Provided data ->
● ● ● ●

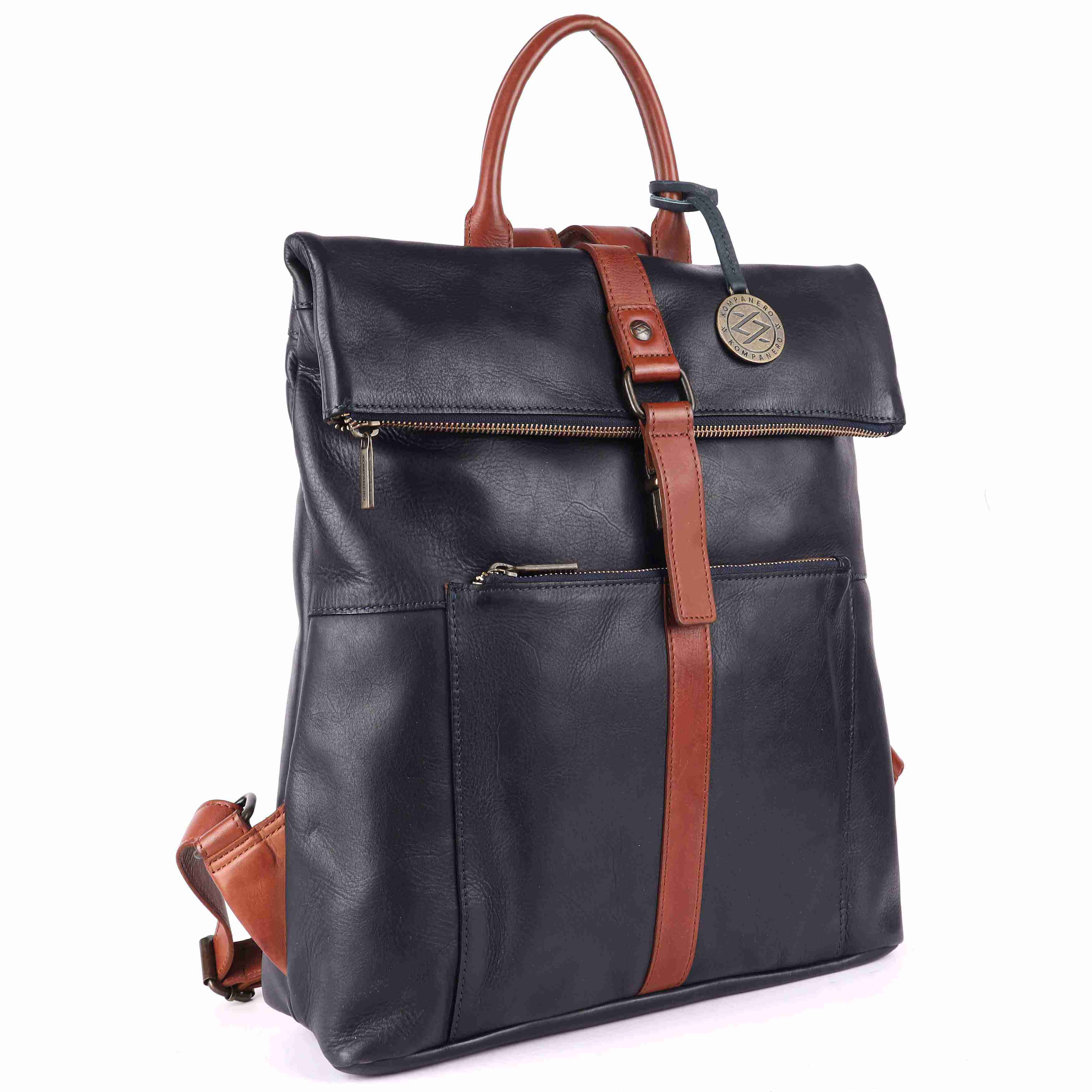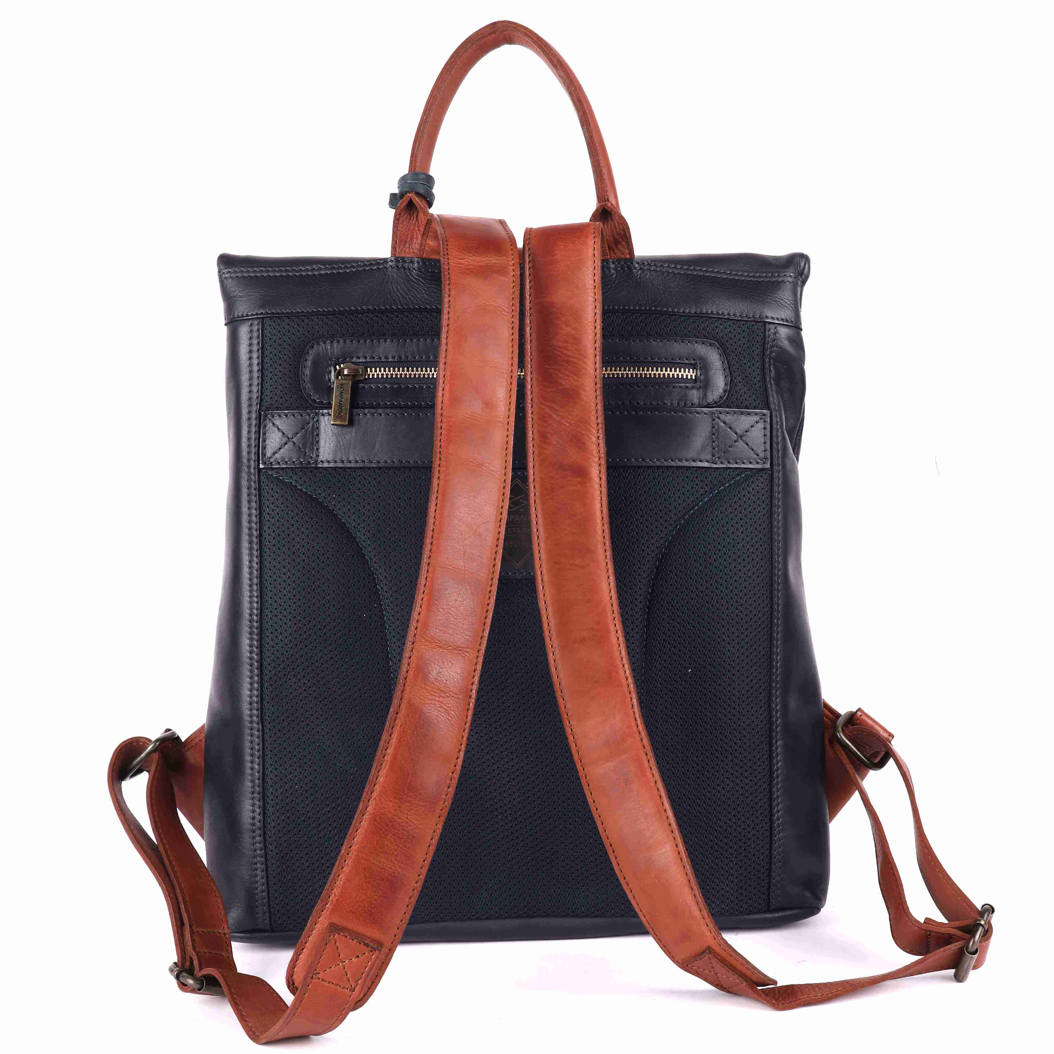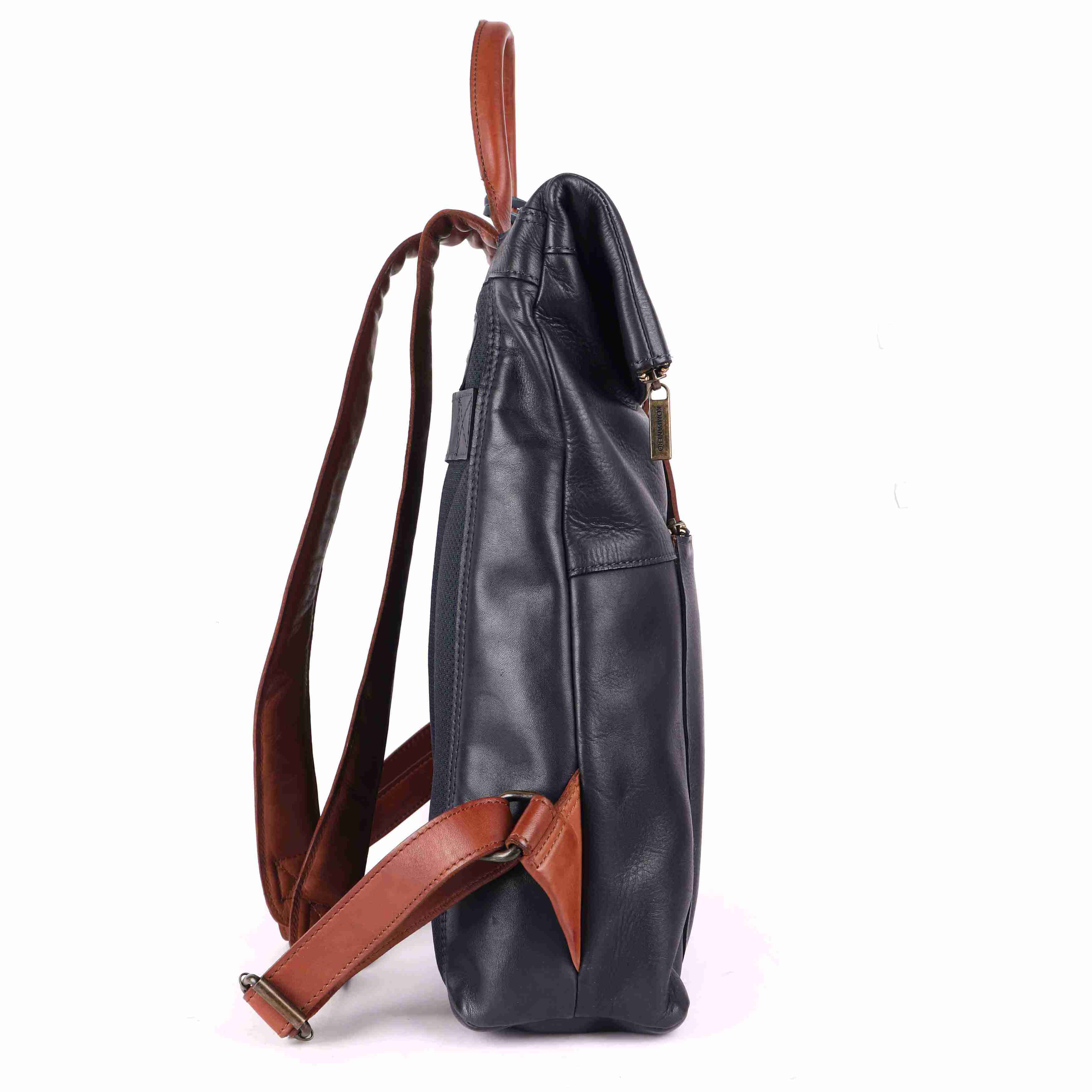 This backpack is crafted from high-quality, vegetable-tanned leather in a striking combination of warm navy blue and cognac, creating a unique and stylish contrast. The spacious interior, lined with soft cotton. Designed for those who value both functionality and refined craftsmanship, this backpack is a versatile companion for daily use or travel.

● ● ● ●

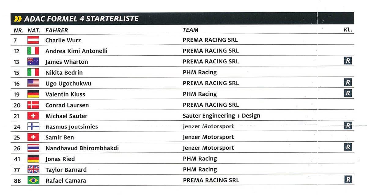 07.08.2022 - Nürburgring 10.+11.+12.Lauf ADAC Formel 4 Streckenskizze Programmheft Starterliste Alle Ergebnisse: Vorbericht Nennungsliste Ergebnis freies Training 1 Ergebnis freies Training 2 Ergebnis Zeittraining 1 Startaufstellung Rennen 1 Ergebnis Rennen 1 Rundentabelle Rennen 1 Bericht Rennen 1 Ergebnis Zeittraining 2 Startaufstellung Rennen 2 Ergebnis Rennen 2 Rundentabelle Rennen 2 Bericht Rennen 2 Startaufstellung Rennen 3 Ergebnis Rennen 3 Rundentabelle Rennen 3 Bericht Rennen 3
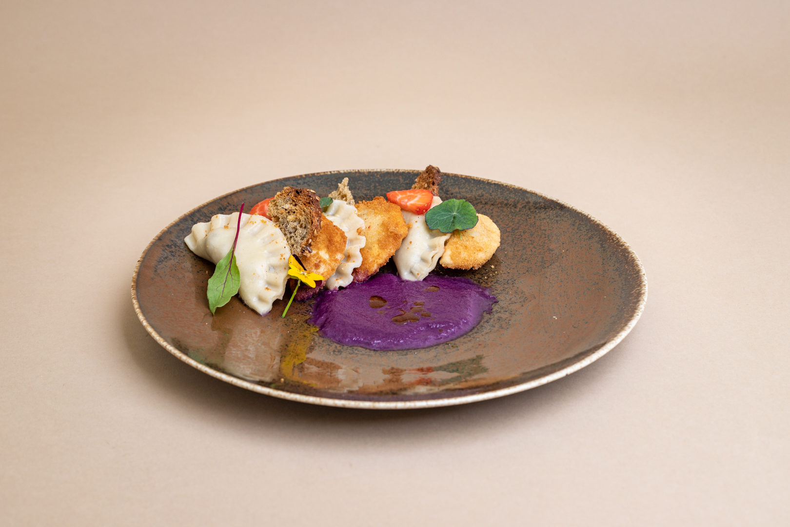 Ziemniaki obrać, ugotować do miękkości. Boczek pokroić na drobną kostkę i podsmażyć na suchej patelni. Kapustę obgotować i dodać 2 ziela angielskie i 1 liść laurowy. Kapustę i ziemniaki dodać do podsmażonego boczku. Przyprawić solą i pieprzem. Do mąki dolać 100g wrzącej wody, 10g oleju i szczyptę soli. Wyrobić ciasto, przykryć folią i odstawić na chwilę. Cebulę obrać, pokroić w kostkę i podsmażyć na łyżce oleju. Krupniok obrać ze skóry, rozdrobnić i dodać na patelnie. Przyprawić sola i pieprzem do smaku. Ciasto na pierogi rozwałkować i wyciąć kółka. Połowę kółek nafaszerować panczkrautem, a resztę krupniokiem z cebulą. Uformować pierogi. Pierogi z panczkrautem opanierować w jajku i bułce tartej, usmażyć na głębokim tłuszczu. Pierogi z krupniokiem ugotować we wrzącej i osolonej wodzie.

● ● ● ●

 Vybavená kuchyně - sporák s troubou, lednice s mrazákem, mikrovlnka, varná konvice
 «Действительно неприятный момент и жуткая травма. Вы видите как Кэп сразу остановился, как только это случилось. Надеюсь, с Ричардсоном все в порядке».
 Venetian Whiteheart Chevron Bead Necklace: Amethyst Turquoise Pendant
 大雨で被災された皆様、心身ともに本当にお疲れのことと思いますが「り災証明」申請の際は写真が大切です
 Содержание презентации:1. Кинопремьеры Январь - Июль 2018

● ● ● ●

What you are asked to do -> Everything from the line containing "Venetian Whiteheart Chevron" through the line containing "Содержание презентации:1. Кинопремьеры" in the material above should be retyped exactly, both ends included, and nothing more.

Exercise result ->
 Venetian Whiteheart Chevron Bead Necklace: Amethyst Turquoise Pendant
 大雨で被災された皆様、心身ともに本当にお疲れのことと思いますが「り災証明」申請の際は写真が大切です
 Содержание презентации:1. Кинопремьеры Январь - Июль 2018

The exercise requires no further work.